The most important thing was to make sure GPU acceleration was working, and to learn what things will impact performance in that area.

It turns out, there are some important differences with how GPU accelerated Flash woks compared with the traditional software renderer. In the software Flash renderer keeping your display list shallow, and sparse (using addChild/removeChild a lot) or avoiding the display list completely (by writing to BitmapData – as the Flixel game engine does) is a key optimization for performance. This is how the exploding bunny video demo is done, and why it’s so fast.

My current theory is that on GPU accelerated content (even on desktop) the reverse is true. You want to avoid CPU/system RAM to GPU/video RAM updates as much as possible – which means avoiding BitmapData updates which cause the player to upload a new texture to the GPU VRAM with every update.

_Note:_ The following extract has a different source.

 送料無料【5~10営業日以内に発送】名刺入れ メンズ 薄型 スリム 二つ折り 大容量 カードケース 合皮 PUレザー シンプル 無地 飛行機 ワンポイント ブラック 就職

Because I don’t have access to the internals of the Flash Player architecture, I can’t be sure, but I think the bottle neck comes from clogging up the lanes between the CPU and GPU, and all stressing all three areas of the rendering pipeline (CPU, GPU and the bus) as they juggle around objects in memory. The key observation this conclusion is based on is the large performance impact addChild and removeChild has on the framerate. So I relentlessly avoid that in my iPhone Flash development – I precache everything, and don’t mess with the display list. This is also one reason why filters (which operate on a BitmapData representation of the DisplayObject you apply them to) are not recommended on mobile content.

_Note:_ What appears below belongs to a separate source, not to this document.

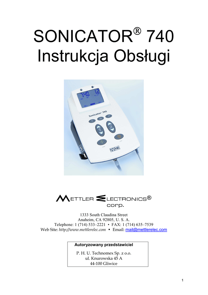 SONICATOR 740 Instrukcja Obsługi ® 1333 South Claudina Street Anaheim, CA 92805, U. S. A. Telephone: 1 (714) 533–2221 • FAX: 1 (714) 635–7539 Web Site: http://www.mettlerelec.com • Email: [email protected] Autoryzowany przedstawiciel P. H. U. Technomex Sp. z o.o. ul. Knurowska 45 A 44-100 Gliwice 1 Mettler Electronics Corp. Sonicator 740 Instrukcja Obsługi Spis Treści Rozdział Tytuł Strona 1 1.1 1.2 1.3 1.4 1.5 1.6 Wstęp Wstęp .................................................................................................................................... Wstęp do Instrukcji obsługi............................................................................................... Wskazówki bezpieczeństwa................................................................................................ Uwaga ...................................... ............................................................................................ Uszkodzenia w czasie transportu ....................................................................................... Zawartość opakowania ....................................................................................................... 4 5 5 5 5 6 6 2 2.1 2.2 Objaśnienia symboli i skrótów Objaśnienia symboli .......................................................................................................... Lista skrótów .................................................................................................................. 7 7 8 3 Instalacja 9 4 4.1 4.2 Instrukcja obsługi Ogólna instrukcja obsługi ................................................................................................... Terapia kombinowana z zastosowaniem urządzenia Sonicator 740 ................................ 11 13 14 5 5.1 5.2 5.3 Wskazania, przeciwwskazania i środki ostroŜności Wskazania ........................................................................................................................... Przeciwwskazania............................................................................................................... Środki ostroŜności .............................................................................................................. 16 16 16 16 6 6.1 6.2 6.3 Konserwacja i naprawa Czyszczenie urządzenia Sonicator 740................................................................................ Rutynowa konserwacja....................................................................................................... Naprawa urządzenia Sonicator 740 ..................................................................................... 18 18 18 18 7 7.1 7.2 7.3 Zasada działania Wprowadzenie do ultradźwięków ..................................................................................... Poziomy energii.................................................................................................................. Fale ciągłe i pulsowe .......................................................................................................... 20 20 22 23 8 Piśmiennictwo 24 9 9.1 9.2 9.3 Właściwości techniczne 25 Właściwości ogólne................................................................................................................... 25 Właściwości generatora ultradźwięków.............................................................................. 25 Właściwości aplikatorów..................................................................................................... 28 10 10.1 10.2 Akcesoria Informacje o zamówieniach............................................................................................... Akcesoria do urządzenia Sonicator 740 .............................................................................. 30 30 30 Dodatek Deklaracja zgodności ........................................................................................................... 31 2 Mettler Electronics Corp. Sonicator 740 Instrukcja Obsługi Spis Rycin No. Tytuł Strona 1.1 Sonicator 740 oraz dostępne aplikatory 4 3.1 Ściana tylna urządzenia —wyłącznik zasilania, gniazdo dla kabla zasilającego, złącze dla terapii kombinowanej i uchwyt dla aplikatora lcm2 10 3.2 Widok z przodu – podłączenie kabla aplikatora 10 33 Widok z boku —Uchwyt dla aplikatora z ruchomym magnesem i haczykiem 10 3.4 Widok z dołu—Pokrywa baterii 11 3.5 Instalacja baterii Podłączanie aplikatora do uniwersalnego kabla aplikatora, ustawić bolce naprzeciwko otworów, 11 cały czas wywierając nacisk obrócić pierścień o ¼ obrotu w kierunku ruchu wskazówek zegara. 13 4.1 Panel kontrolny i wyświetlacz 12 4.2 Połączenia do terapii kombinowanej – złącze o kształcie banana oznaczono symbolem 15 4.3 Przykład terapii kombinowanej 15 7.1 Absorpcja ultradźwięków, skóra. 20 7.2 Absorpcja ultradźwięków, tkanka tłuszczowa 20 7.3 Absorpcja ultradźwięków, mięśnie w wiązce ultradźwięków prostopadłej do przebiegu włókien 3.6 mięśniowych 20 7.4 Absorpcja ultradźwięków, kość 21 7.5 Fale dźwiękowe wysokiej częstotliwości 21 7.6 Techniki aplikacji ultradźwięków 22 7.7 Technika zabiegu podwodnego 22 7.8 RóŜnice pomiędzy przetwornikami 22 9.1 Kształt impulsu 10% 26 9.2 Kształt impulsu 20% 26 9.3 Kształt impulsu 50% 27 9.4 Impuls ciągły 9.5 9.6 9.7 9.8 27 2 Trójwymiarowy wzorzec wiązki dla aplikatora 10 cm (1 MHz) 28 2 28 2 28 2 28 Trójwymiarowy wzorzec wiązki dla aplikatora 5 cm (1 MHz) Trójwymiarowy wzorzec wiązki dla aplikatora 5 cm (3,2 MHz) Trójwymiarowy wzorzec wiązki dla aplikatora 1 cm (3,3 MHz) 3 Mettler Electronics Corp. Sonicator 740 Instrukcja Obsługi Rozdział 1: 1.1 Wstęp Wprowadzenie Dziękujemy za zakup urządzenia ultradźwiękowego Sonicator 740 wyprodukowanego przez Mettler Electronics Corp. Sterowany mikroprocesorem Sonicator 740 jest urządzeniem ultradźwiękowym łatwym w uŜytkowaniu, skutecznym i

Anyway, hopefully I can turn this into a full app for iPhone in a reasonable timeframe. 🙂

Frash shows Flash on iPhone can be Great (with Screenshots)

Warning: RANT ahead

Steve Jobs is full of crap. I could actually understand and respect a straightforward admission that the Flash Platform is a threat to Apple’s iOS business model – which is the real reason Jobs won’t let Flash on the iPhone and iPad. That’s not even a very good reason – the App Store has many compelling features on it’s own, even if Flash is in the browser, not the least of which is the easy to understand path to monitization. Performance is another issue – Flash is fast enough, faster than JS/Canvas by quite a bit, but it’s still not as fast as a native app and all it’s OpenGL goodness (among all the other great Apple APIs). Keeping Flash off iPhone (and especially CS5 iPhone apps) has nothing to do with performance, or compatibility. That’s just bunk! And nobody likes a liar.

/rant

Here are some screenshots to show how well many sites I’ve been involved with work in Flash on the iPhone (3GS using jailbreak and Frash).

adcSTUDIO's home page — adcSTUDIO’s Home Page

adcSTUDIO's about us section — adcSTUDIO’s About Us Screen

Terminal Design (before activating Frash)

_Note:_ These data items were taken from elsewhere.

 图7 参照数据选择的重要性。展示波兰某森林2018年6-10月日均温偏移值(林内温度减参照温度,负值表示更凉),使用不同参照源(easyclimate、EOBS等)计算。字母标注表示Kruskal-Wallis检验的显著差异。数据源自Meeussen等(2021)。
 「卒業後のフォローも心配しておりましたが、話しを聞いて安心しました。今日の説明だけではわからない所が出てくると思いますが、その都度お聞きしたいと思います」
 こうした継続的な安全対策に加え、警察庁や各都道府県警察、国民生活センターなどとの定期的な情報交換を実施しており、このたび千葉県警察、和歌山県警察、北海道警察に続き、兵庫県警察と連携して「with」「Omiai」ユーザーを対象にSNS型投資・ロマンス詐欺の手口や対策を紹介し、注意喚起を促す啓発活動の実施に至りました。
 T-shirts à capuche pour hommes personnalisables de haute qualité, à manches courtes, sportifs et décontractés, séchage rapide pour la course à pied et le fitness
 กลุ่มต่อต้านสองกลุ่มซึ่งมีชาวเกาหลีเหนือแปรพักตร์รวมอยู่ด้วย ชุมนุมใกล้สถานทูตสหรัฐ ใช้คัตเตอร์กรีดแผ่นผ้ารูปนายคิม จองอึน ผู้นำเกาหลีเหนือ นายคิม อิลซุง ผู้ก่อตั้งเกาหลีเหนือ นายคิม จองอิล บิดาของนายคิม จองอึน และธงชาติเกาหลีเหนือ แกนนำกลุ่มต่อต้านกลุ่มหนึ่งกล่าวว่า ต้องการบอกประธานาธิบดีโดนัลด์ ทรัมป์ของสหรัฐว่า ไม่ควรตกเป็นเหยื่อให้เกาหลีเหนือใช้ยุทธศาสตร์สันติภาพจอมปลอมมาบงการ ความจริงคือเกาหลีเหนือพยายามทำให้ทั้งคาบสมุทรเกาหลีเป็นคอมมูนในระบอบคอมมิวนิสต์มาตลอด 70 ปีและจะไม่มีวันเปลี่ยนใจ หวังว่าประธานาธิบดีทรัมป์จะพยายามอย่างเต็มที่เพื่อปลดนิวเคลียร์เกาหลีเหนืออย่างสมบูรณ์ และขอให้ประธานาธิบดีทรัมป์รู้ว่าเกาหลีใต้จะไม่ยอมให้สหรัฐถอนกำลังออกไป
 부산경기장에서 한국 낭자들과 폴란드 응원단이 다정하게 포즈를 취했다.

Terminal Design's Home Page (with Flash) — Terminal Design’s Home Page (with Flash)

A quit note on the technology: this is using Frash, which is a hack (a wrapper or compatibility layer) to get the Android version of Flash Player 10.1 running inside of iOS – it has not been optimized (or even completed at this point) to run well on iOS yet, and probably will never run as well as it can on Android. A recent test app I’ve been playing with runs 50% faster on a Droid Eris, vs. the iPhone 3GS – the Eris is slower hardware, running Android 2.1. It’s also crashy, and is missing features like streaming movie support (it does work with videos embedded in a swf) – and touch events are not quite as streamlined as they are on a real Android device (hover works better on Android for example, and hot spots are easier to hit). It’s also got all the quirks of the Wii and desktop Flash Player’s “noscale” feature (on Android there is a workaround that solves this, not implemented in Frash yet).

I just like to point that out, because some users are judging the viability of Flash on iOS/iPhone/iPad based on this hack (which is current at version 0.02), which is beyond silly.

For anyone interested, I followed these instructions to install it on my iPhone. Note: this uses SSH and dpkg to install. If you don’t know how to reverse that, you may want to find an apt repo and use Cydia to grab this, so you can uninstall Frash when you are done playing, as it can be quite unstable.